_Exercise prompt_:
Type the listing below out again exactly. No images.

_Dataset content_:

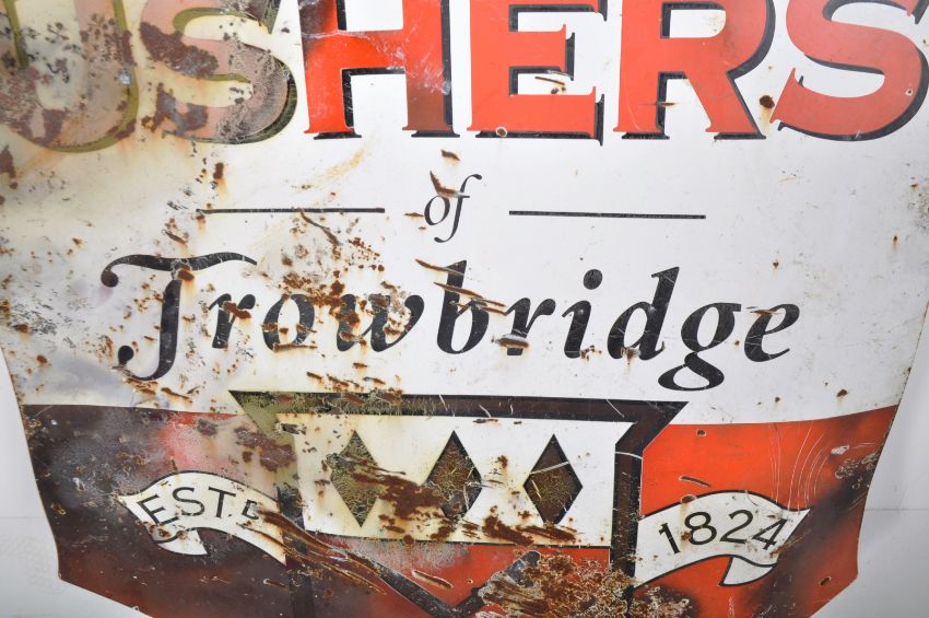 Ushers Of Trowbridge - A vintage mid 20th Century pub display / brewery enamel advertising enamel sign for Ushers. The sign of shield shape form having red and white ground with black lettering. Wear commensurate with age. Measures approx; 111cm x 111cm.
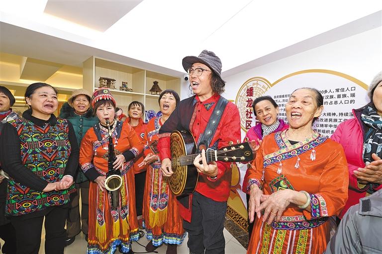 “蟠龍社區(qū)生活著漢族、壯族、瑤族等15個民族的同胞,少數(shù)民族人口約占社區(qū)總?cè)丝诘?/3?!斌待埳鐓^(qū)黨委副書記許玉君介紹說,社區(qū)結(jié)合多民族“嵌入式”居住的特點,創(chuàng)新踐行“136”工作機制,即圍繞鑄牢中華民族共同體意識這條主線,通過加強黨的領(lǐng)導(dǎo)、織牢精神紐帶、用好治理平臺“三個抓手”,積極創(chuàng)造各民族共居共學(xué)、共建共享、共事共樂的“六共”條件,讓各族群眾像石榴籽一樣緊緊抱在一起?!拔沂菨h族,會做壯族的特色菜,我愛人是仫佬族,漢字書法練得有模有樣。”蟠龍社區(qū)藝術(shù)團骨干何繼榮老人說。
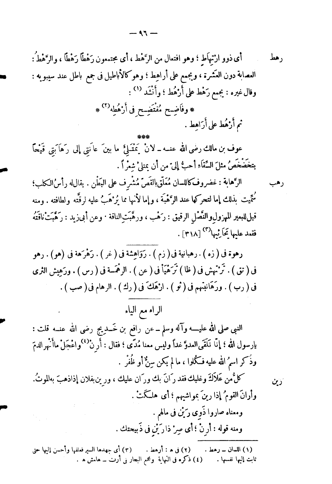 6 - رَهْط أَي ذَوُو ارتهاط وَهُوَ افتعال من الرَّهْط أَي مجتمعون رهطاً رهطاً والرهط: الْعِصَابَة دون الْعشْرَة وَيجمع على أراهط وَهُوَ كالأباطيل فِي جمع بَاطِل عِنْد سِيبَوَيْهٍ: وَقَالَ غَيره: يجمع رَهْط على أرهط: وَأنْشد: ... وفَاضِح مُفْتَضِحِ فِي أَرْهُطِه ... ثمَّ أرهط على أراهط. عَوْف بن مَالك رضى الله عَنهُ لَان يمتلىء مَا بَين عانتي إِلَى رهابتي قَيْحا يتخضخض مثل السقاء أحب إِلَى من أَن يمتلىء شعرًا.
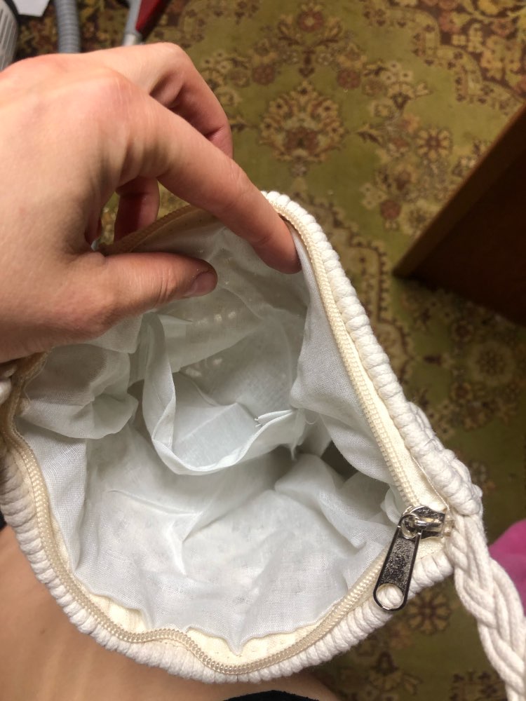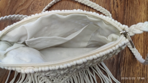 The bag is literal, woven from threads. Inside fabric lining. Top fastens with a zipper. Suitable as an addition to a light summer dress.

_The answer_:
 Ushers Of Trowbridge - A vintage mid 20th Century pub display / brewery enamel advertising enamel sign for Ushers. The sign of shield shape form having red and white ground with black lettering. Wear commensurate with age. Measures approx; 111cm x 111cm.
 “蟠龍社區(qū)生活著漢族、壯族、瑤族等15個民族的同胞,少數(shù)民族人口約占社區(qū)總?cè)丝诘?/3?!斌待埳鐓^(qū)黨委副書記許玉君介紹說,社區(qū)結(jié)合多民族“嵌入式”居住的特點,創(chuàng)新踐行“136”工作機制,即圍繞鑄牢中華民族共同體意識這條主線,通過加強黨的領(lǐng)導(dǎo)、織牢精神紐帶、用好治理平臺“三個抓手”,積極創(chuàng)造各民族共居共學(xué)、共建共享、共事共樂的“六共”條件,讓各族群眾像石榴籽一樣緊緊抱在一起?!拔沂菨h族,會做壯族的特色菜,我愛人是仫佬族,漢字書法練得有模有樣。”蟠龍社區(qū)藝術(shù)團骨干何繼榮老人說。
 6 - رَهْط أَي ذَوُو ارتهاط وَهُوَ افتعال من الرَّهْط أَي مجتمعون رهطاً رهطاً والرهط: الْعِصَابَة دون الْعشْرَة وَيجمع على أراهط وَهُوَ كالأباطيل فِي جمع بَاطِل عِنْد سِيبَوَيْهٍ: وَقَالَ غَيره: يجمع رَهْط على أرهط: وَأنْشد: ... وفَاضِح مُفْتَضِحِ فِي أَرْهُطِه ... ثمَّ أرهط على أراهط. عَوْف بن مَالك رضى الله عَنهُ لَان يمتلىء مَا بَين عانتي إِلَى رهابتي قَيْحا يتخضخض مثل السقاء أحب إِلَى من أَن يمتلىء شعرًا.
 The bag is literal, woven from threads. Inside fabric lining. Top fastens with a zipper. Suitable as an addition to a light summer dress.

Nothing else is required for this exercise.